En toch doe ik dat. Op een fietspad door de weilanden. Het is midden op de dag. De zon brandt. Maar daar in de schaduw langs de heesters en bomen ving ik een glimp op. Is dit waar? Zie ik dit goed? Voorzichtig en met de verrekijker in de hand, sluipend achter de struiken langs, ga ik stilletjes terug naar die opening waar ik de ontdekking deed. En ja, ik zag het goed. Een dertigtal meter verder loopt een reegeit te grazen. In haar uppie. Zoveel mogelijk in de schaduw blijvend waardoor ze niet opvalt. Ik geniet, ondanks de teleurstelling die ik voel van het niet bij hebben van mijn camera.
Dan een fietser. Nieuwsgierig waarom ik daar sta, stopt hij midden in de opening en in het volle zicht van de ree. Tot overmaat van ramp raakt hij ook nog, weliswaar per ongeluk, zijn fietsbel aan, maar van binnen vervloek ik al die onoplettende mensen die geen oog hebben voor de rest van de wereld. Hij vertelt me dat op dit veldje bijna iedere avond en ochtend wel een groepje reeën staan. Een stuk of drie, vier. En daar verderop bij die villa staan er ook altijd. Maar die worden waarschijnlijk gevoerd. Ik ben heel dankbaar voor de info. Het geeft me een nieuw uitgangspunt om op zoek te gaan naar reeën in het vrije veld en in mijn hoofd ben ik al allerlei manieren aan het bedenken hoe ik ze kan fotograferen. De schuiltent, het camouflagedoek, op de fiets, met de auto. Het komt allemaal voorbij, terwijl de man aan het vertellen is.
Als ik weer terugkijk naar waar ik het reetje voor het laatst heb gezien, is mijn verrassing groot als ik ze daar nog steeds zie staan. Ze kijkt wel op en staart recht naar ons, maar ze is er nog niet vandoor. Blijkbaar zijn de reeën hier wel wat menselijke activiteit gewend. Ook dat geeft hoop. Ze gaat er pas vandoor als de man weer in beweging komt en verder fietst.
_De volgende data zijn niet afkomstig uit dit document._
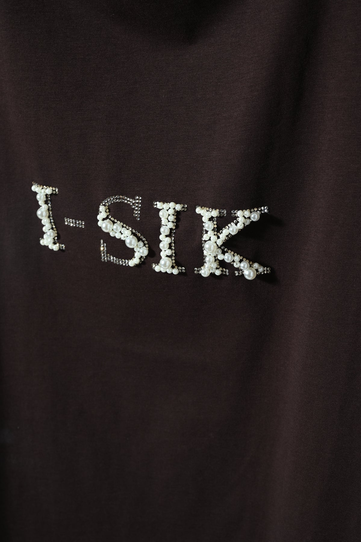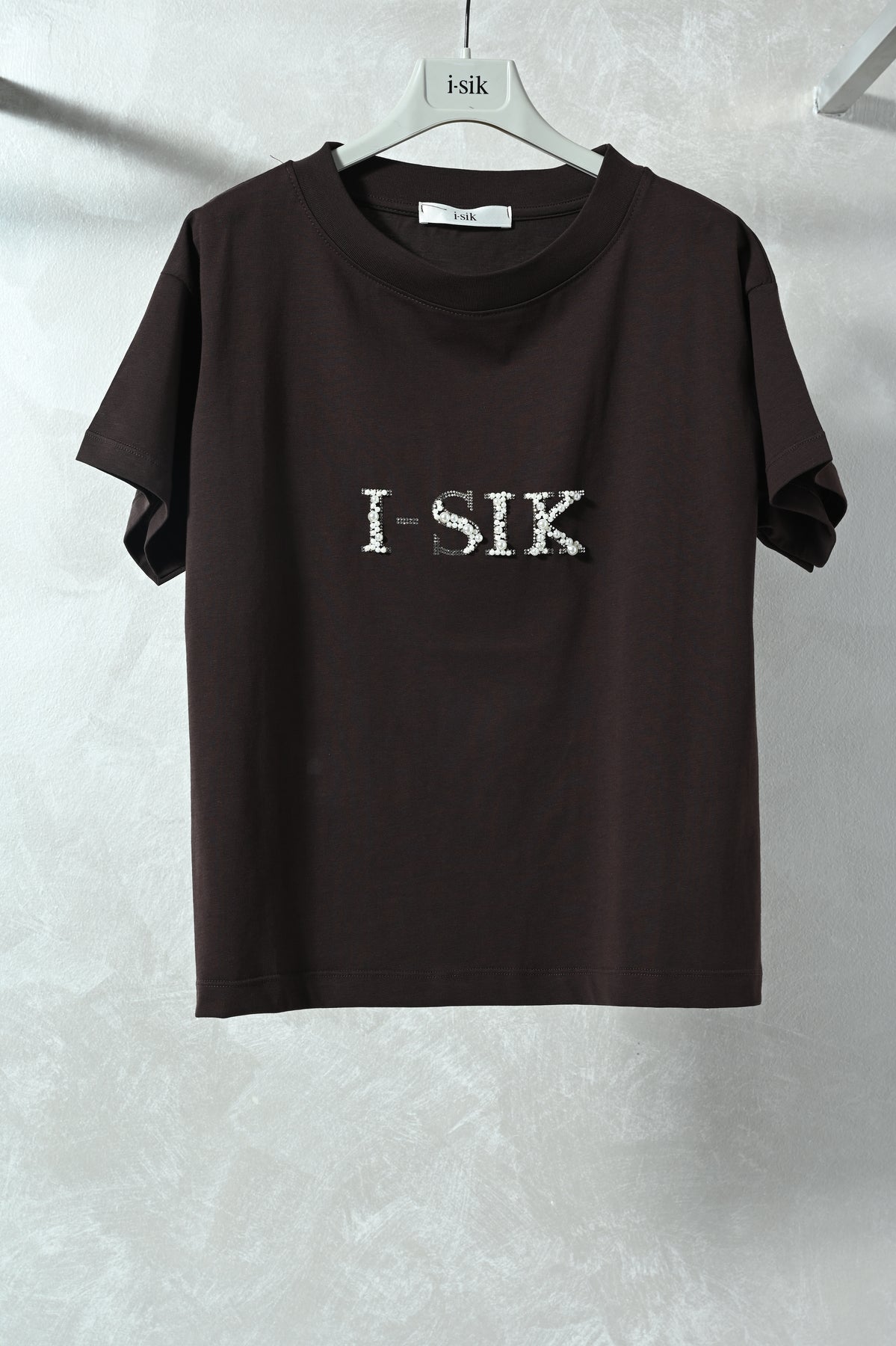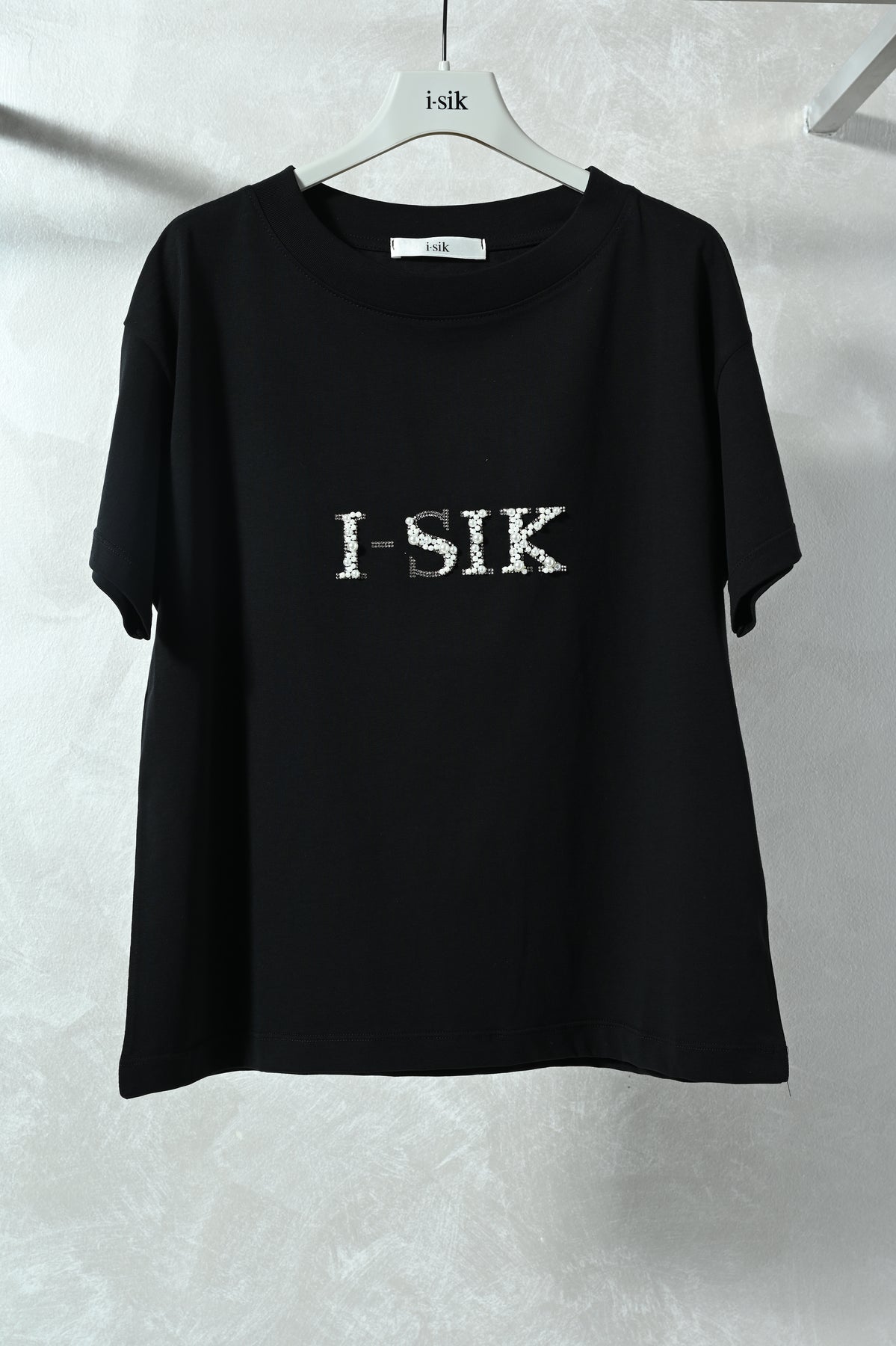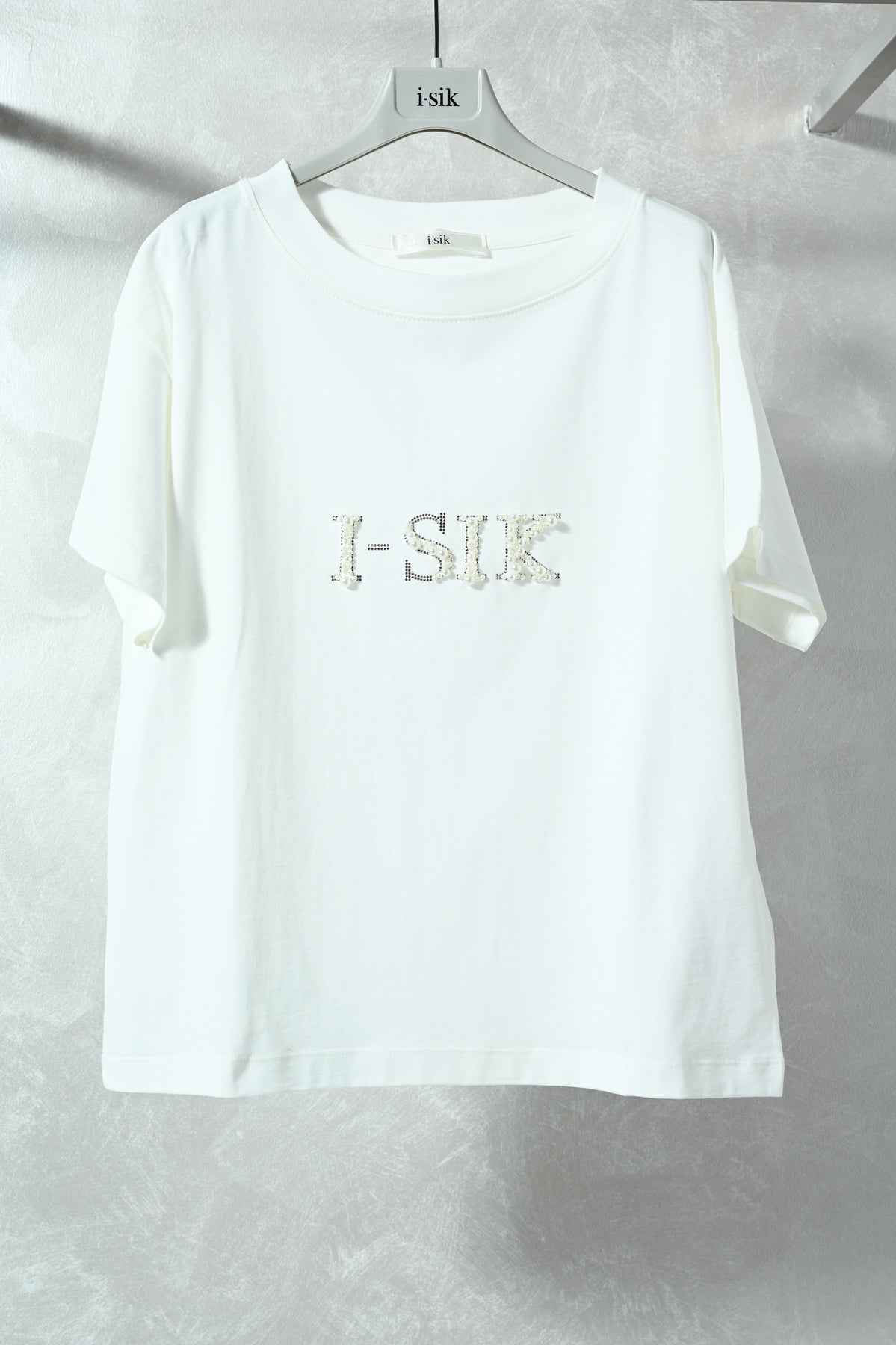 T-shirt fit over dal design moderno, impreziosita dal logo i-sik realizzato con perle e diamantini. Confortevole e femminile, è perfetta per aggiungere un tocco luminoso ai look casual e contemporanei.

In mijn hoofd is de ideeënstroom op gang gekomen en eenmaal weer thuis, besluit ik de volgende ochtend vroeg een verkenningstocht te maken. Ik pak mijn krukje, camouflagedoek en camouflagenet voor de fiets in. Camera met de 100-400 en extra de 1.4x mee. En een flesje water. De monopod gaat achter op de fiets. En zo fiets ik de volgende ochtend om 5 uur in de ochtend weg. Het is al licht. Ik weet dat ik waarschijnlijk te laat ben om mezelf op het veldje gecamoufleerd te installeren. Maar ik kan in ieder geval zien of het klopt dat hier vaker reeën rondlopen.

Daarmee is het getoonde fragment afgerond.